> **WORK INSTRUCTION**
With pictures omitted, output the records below exactly as they appear.

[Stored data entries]

★ ★ ★

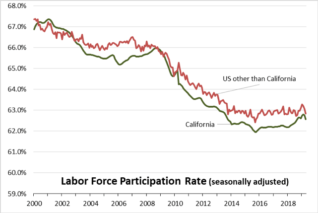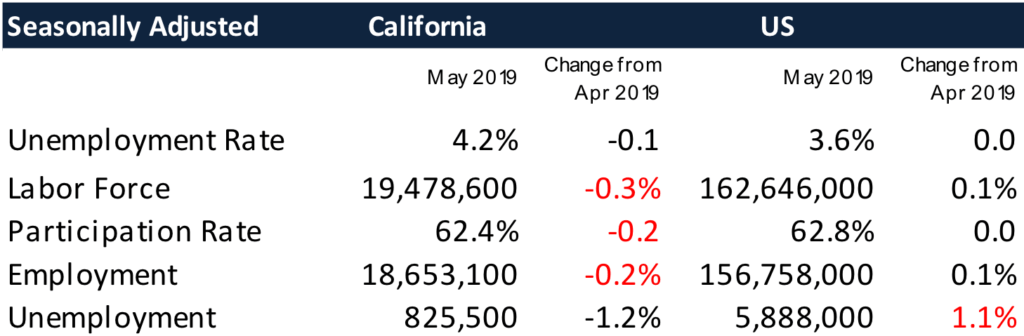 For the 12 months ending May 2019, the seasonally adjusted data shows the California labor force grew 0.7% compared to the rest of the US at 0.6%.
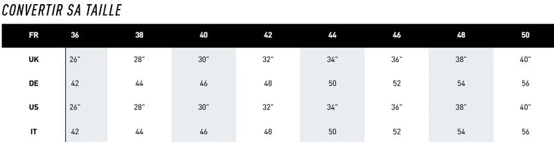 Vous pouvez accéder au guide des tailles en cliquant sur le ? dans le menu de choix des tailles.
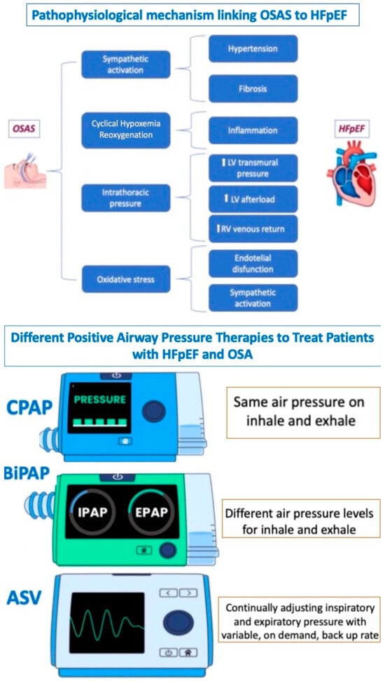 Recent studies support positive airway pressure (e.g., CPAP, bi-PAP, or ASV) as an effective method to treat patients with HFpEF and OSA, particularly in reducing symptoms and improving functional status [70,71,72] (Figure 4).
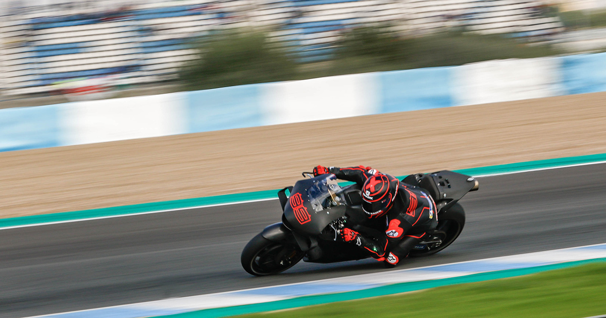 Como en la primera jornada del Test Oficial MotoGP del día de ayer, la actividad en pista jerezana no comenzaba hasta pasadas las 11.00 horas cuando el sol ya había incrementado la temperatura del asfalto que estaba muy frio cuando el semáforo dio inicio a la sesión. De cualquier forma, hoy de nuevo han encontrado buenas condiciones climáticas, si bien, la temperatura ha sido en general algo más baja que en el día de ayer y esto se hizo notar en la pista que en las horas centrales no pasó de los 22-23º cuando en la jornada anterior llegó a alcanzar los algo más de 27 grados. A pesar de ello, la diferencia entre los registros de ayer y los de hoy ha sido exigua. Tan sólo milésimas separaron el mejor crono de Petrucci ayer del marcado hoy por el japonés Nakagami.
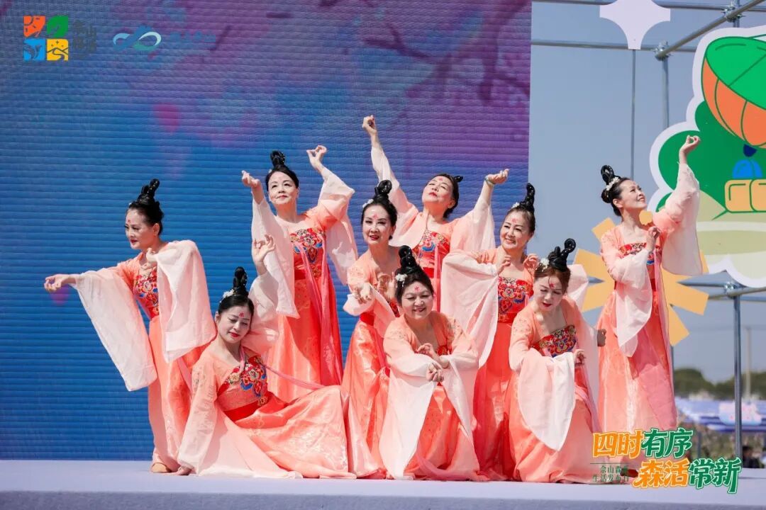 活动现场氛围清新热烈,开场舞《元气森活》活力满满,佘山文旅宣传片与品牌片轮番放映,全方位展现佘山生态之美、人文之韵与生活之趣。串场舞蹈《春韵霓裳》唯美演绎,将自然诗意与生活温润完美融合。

★ ★ ★

> **SOLUTION FOR THIS PROBLEM**
 For the 12 months ending May 2019, the seasonally adjusted data shows the California labor force grew 0.7% compared to the rest of the US at 0.6%.
 Vous pouvez accéder au guide des tailles en cliquant sur le ? dans le menu de choix des tailles.
 Recent studies support positive airway pressure (e.g., CPAP, bi-PAP, or ASV) as an effective method to treat patients with HFpEF and OSA, particularly in reducing symptoms and improving functional status [70,71,72] (Figure 4).
 Como en la primera jornada del Test Oficial MotoGP del día de ayer, la actividad en pista jerezana no comenzaba hasta pasadas las 11.00 horas cuando el sol ya había incrementado la temperatura del asfalto que estaba muy frio cuando el semáforo dio inicio a la sesión. De cualquier forma, hoy de nuevo han encontrado buenas condiciones climáticas, si bien, la temperatura ha sido en general algo más baja que en el día de ayer y esto se hizo notar en la pista que en las horas centrales no pasó de los 22-23º cuando en la jornada anterior llegó a alcanzar los algo más de 27 grados. A pesar de ello, la diferencia entre los registros de ayer y los de hoy ha sido exigua. Tan sólo milésimas separaron el mejor crono de Petrucci ayer del marcado hoy por el japonés Nakagami.
 活动现场氛围清新热烈,开场舞《元气森活》活力满满,佘山文旅宣传片与品牌片轮番放映,全方位展现佘山生态之美、人文之韵与生活之趣。串场舞蹈《春韵霓裳》唯美演绎,将自然诗意与生活温润完美融合。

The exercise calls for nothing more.